Lee Hansol, Kim Ki Bom, Lee Sangchul, Lee Sang Wook, Kim Myong, Cho Sung Yong, Oh Seung-June, Jeong Seong Jin
Department of Urology, Seoul National University Bundang Hospital, Seongnam, Korea.
Kangwon National University School of Medicine, Chuncheon, Korea.
Korean J Urol. 2015 Dec;56(12):803-10. doi: 10.4111/kju.2015.56.12.803. Epub 2015 Nov 26.
We compared bladder and urethral functions following radical prostatectomy (RP) between men with and without urinary incontinence (UI), using a large-scale database from SNU-experts-of-urodynamics-leading (SEOUL) Study Group.
Since July 2004, we have prospectively collected data on urodynamics from 303 patients with lower urinary tract symptoms (LUTS) following RP at three affiliated hospitals of SEOUL Study Group. After excluding 35 patients with neurogenic abnormality, pelvic irradiation after surgery, or a history of surgery on the lower urinary tract, 268 men were evaluated. We compared the urodynamic findings between men who had LUTS with UI (postprostatectomy incontinence [PPI] group) and those who had LUTS without UI (non-PPI group).
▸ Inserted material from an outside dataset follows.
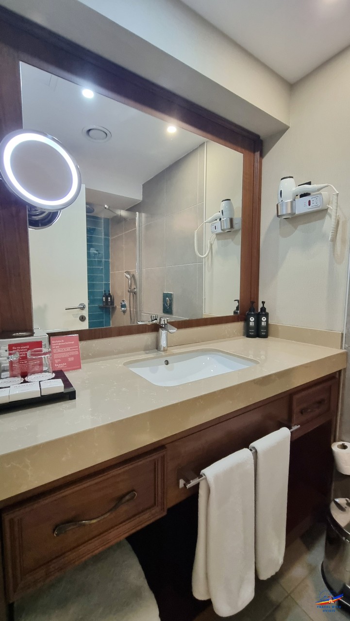 Am avut la dispoziție consumabile personalizate cu brandul hotelului, însă am observat cu surprindere lipsa unor articole care, în România, sunt standard chiar și la 4 stele: periuța și pasta de dinți sau kitul de bărbierit lipseau cu desăvârșire. În schimb, produsele de igienă (săpunul lichid, gelul de duș și șamponul) erau oferite în recipiente mari, completate de o loțiune hidratantă pentru corp. Un mare plus a fost uscătorul de păr, care s-a dovedit a fi unul de calitate, fiind disponibile și prize speciale pentru aparatul de bărbierit.

The mean age at an urodynamic study was 68.2 years. Overall, a reduced bladder compliance (≤20 mL/cmH2O) was shown in 27.2% of patients; and 31.3% patients had idiopathic detrusor overactivity. The patients in the PPI group were older (p=0.001) at an urodynamic study and had a lower maximum urethral closure pressure (MUCP) (p<0.001), as compared with those in the non-PPI group. Bladder capacity and detrusor pressure during voiding were also significantly lower in the PPI group. In the logistic regression, only MUCP and maximum cystometric capacity were identified as the related factor with the presence of PPI.
In our study, significant number of patients with LUTS following RP showed a reduced bladder compliance and detrusor overactivity. PPI is associated with both impairment of the urethral closuring mechanism and bladder storage dysfunction.
我们使用来自首尔尿动力学领先专家(SEOUL)研究组的大规模数据库,比较了根治性前列腺切除术(RP)后有和没有尿失禁(UI)的男性的膀胱和尿道功能。
自2004年7月以来,我们前瞻性地收集了首尔研究组三家附属医院303例RP后下尿路症状(LUTS)患者的尿动力学数据。排除35例有神经源性异常、术后盆腔放疗或下尿路手术史的患者后,对268名男性进行了评估。我们比较了有LUTS合并UI的男性(前列腺切除术后尿失禁[PPI]组)和有LUTS但无UI的男性(非PPI组)的尿动力学结果。
尿动力学研究时的平均年龄为68.2岁。总体而言,27.2%的患者膀胱顺应性降低(≤20 mL/cmH2O);31.3%的患者有特发性逼尿肌过度活动。与非PPI组相比,PPI组患者在尿动力学研究时年龄更大(p = 0.001),最大尿道闭合压(MUCP)更低(p < 0.001)。PPI组的膀胱容量和排尿时的逼尿肌压力也显著更低。在逻辑回归中,仅MUCP和最大膀胱测压容量被确定为与PPI存在相关的因素。
在我们的研究中,大量RP后LUTS患者表现出膀胱顺应性降低和逼尿肌过度活动。PPI与尿道闭合机制受损和膀胱储尿功能障碍均相关。